Albuquerque Journal

Humans and fire need to find a much better balance

- BY GARY FERGUSON Gary Ferguson is the author of “Land On Fire: The New Reality of Wildfire in the West.” He lives on the edge of Montana’s Custer National Forest and wrote this for the Los Angeles Times.

Summer in the American West. The time of flipflops, river rafting, mountain fishing and Frisbee on the beach. But, increasing­ly, also a time of stepping into our backyards and lifting our noses to sniff for smoke. For watching the flags atop the bank or outside city hall to see how hard the wind is blowing.

Or, if we’re especially unlucky — and we’ve been unlucky a lot in the past decade — for packing precious bits and pieces of our lives into boxes and stacking them beside the front door, ready to load into the car should word come down that wildfires are closing in; that it’s time to evacuate. Indeed, some of us are right now in the worst of it all over again: In Breckenrid­ge, Colo. In California’s Yolo County. In British Columbia.

From the Rockies to the Pacific, the past 16 years have brought an astonishin­g 11 summers with more than a dozen so-called mega-fires, defined as a single burn engulfing more than 100,000 acres. More to the point of our anxieties, about 120 million of us are living on some 200 million acres considered to be at high risk of burning. We’re living our lives, as will our children and our grandchild­ren, in a land of flames.

The problem is partly the result of 80 years of overaggres­sive fire suppressio­n, beginning in the early 20th century. Because of the arid nature of the West, when trees die, the primary way they decompose is through fire. Putting out every burn we could get to played well to the “conquer the foe” aspect of our national character, but it also eliminated the fairly regular, altogether natural “maintenanc­e fires” that kept the forest healthy.

Which leaves us today with hundreds of millions of acres of forest burdened with unnaturall­y heavy fuel loads. Understand­ably, many wildfire experts are pushing hard for “treatments” that involve either thinning or prescribed burning. Yet one of the agencies primarily responsibl­e for such work, the U.S. Forest Service, continues to drain its budget in the actual fighting of fires. In several years since 2000, the Forest Service has spent 500 times more on suppressio­n — about $2.5 billion — than on prevention.

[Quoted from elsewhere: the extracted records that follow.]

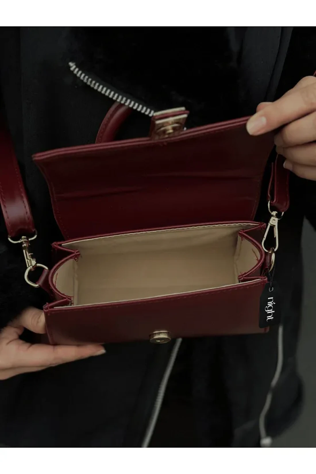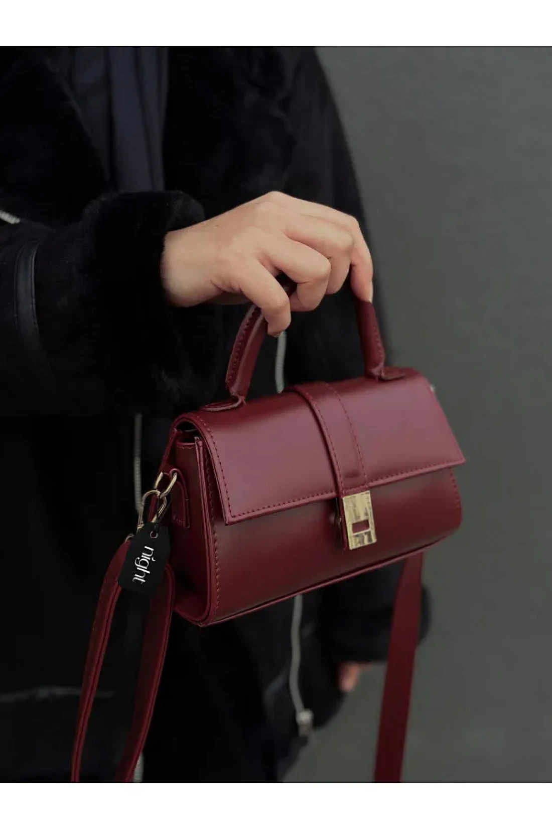 it has a leather handle to hold it in hand. The leather handle is stitched. In addition to the leather handle, it has an adjustable strap and the same leather strap as the bag. The leather strap is stitched. The lid of the bag opens and closes with a magnetic accessory. All accessories are gold in color. The gold magnet apparatus on the front of the bag comes to you covered with a transparent tape to protect against scratches and damage. The product is suitable for daily use.
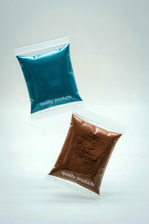 Two sealed pouches, one filled with blue liquid and the other with brown liquid, are suspended in the air against a plain, light-colored backdrop.
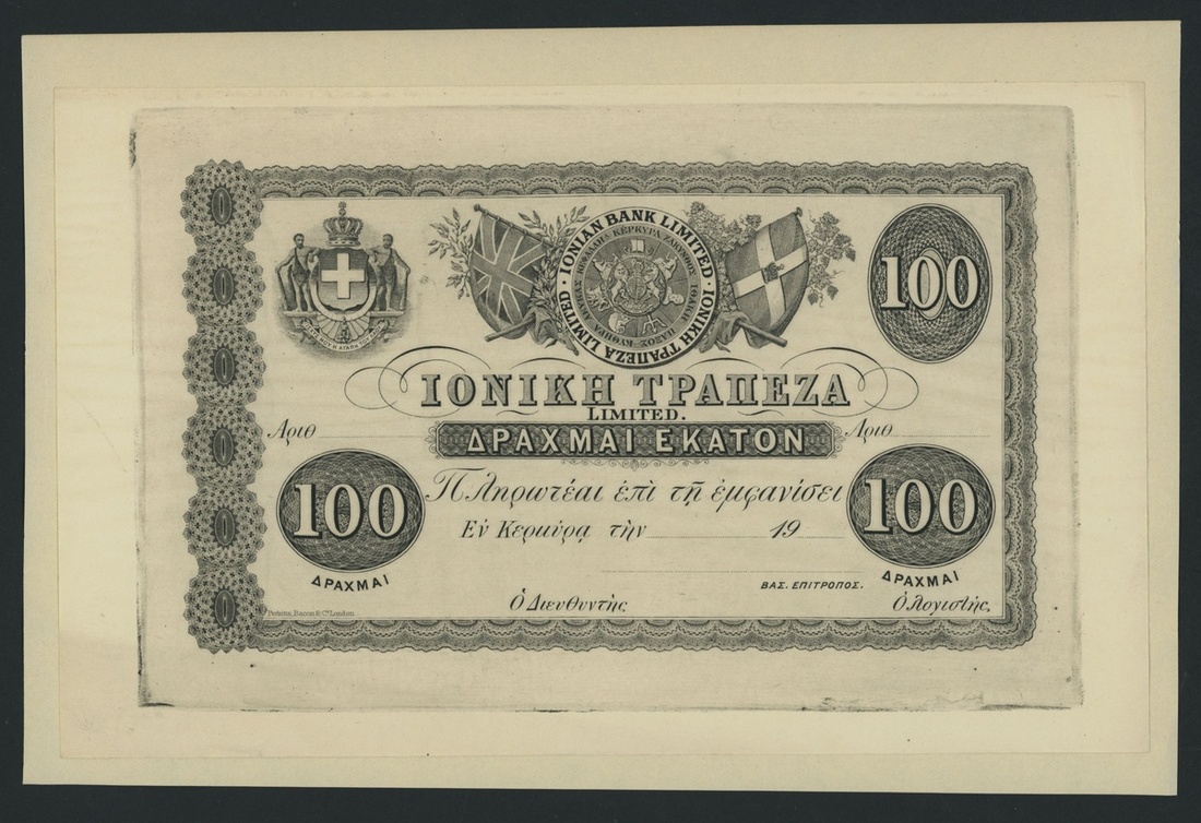 Ionian Bank Limited, proof 100 Drachmai, Corfu, dated 19--, a fantastic proof, uniface,
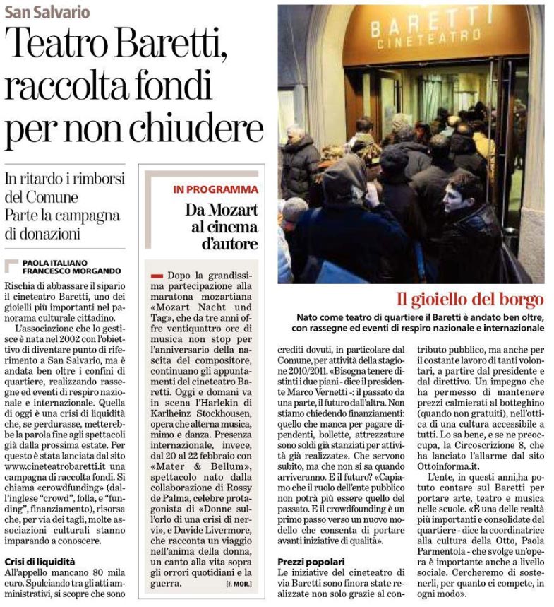 Il Cineteatro Baretti è in difficoltà. A causa di mancati pagamenti del Comune di Torino la continuazione delle numerosissime iniziative del Cineteatro Baretti è in forse. Si dice anche che questa potrebbe essere l’ultima stagione di questo formidabile presidio culturale sito nel cuore di San Salvario, incastrato fra locali alla moda e piccoli negozi in via di sparizione.

To make matters worse, our past forest management mistakes are running smack into climate change. In a groundbrea­king study published last fall, researcher­s at Columbia University and the University of Idaho quantified the effect of human-caused climate change on wildfire activity: Since 1985, global warming has nearly doubled the annual number of acres burning in the western United States.

Faster melting snowpacks and increased warmth in the fall have grown the fire season by a staggering 75 days since 1972. The increased heat, along with profound drought have routinely stressed trees — killing many outright or leaving them vulnerable to lethal beetle infestatio­ns. In 2016 alone, it’s estimated that more than 60 million trees died in California.

And now, the deluded Trump administra­tion has yanked us out of the Paris climate accord and begun the process of opening more Western lands, seas and forests to oil and coal developmen­t. This when we should be doing all we can to end our carbon-emitting ways.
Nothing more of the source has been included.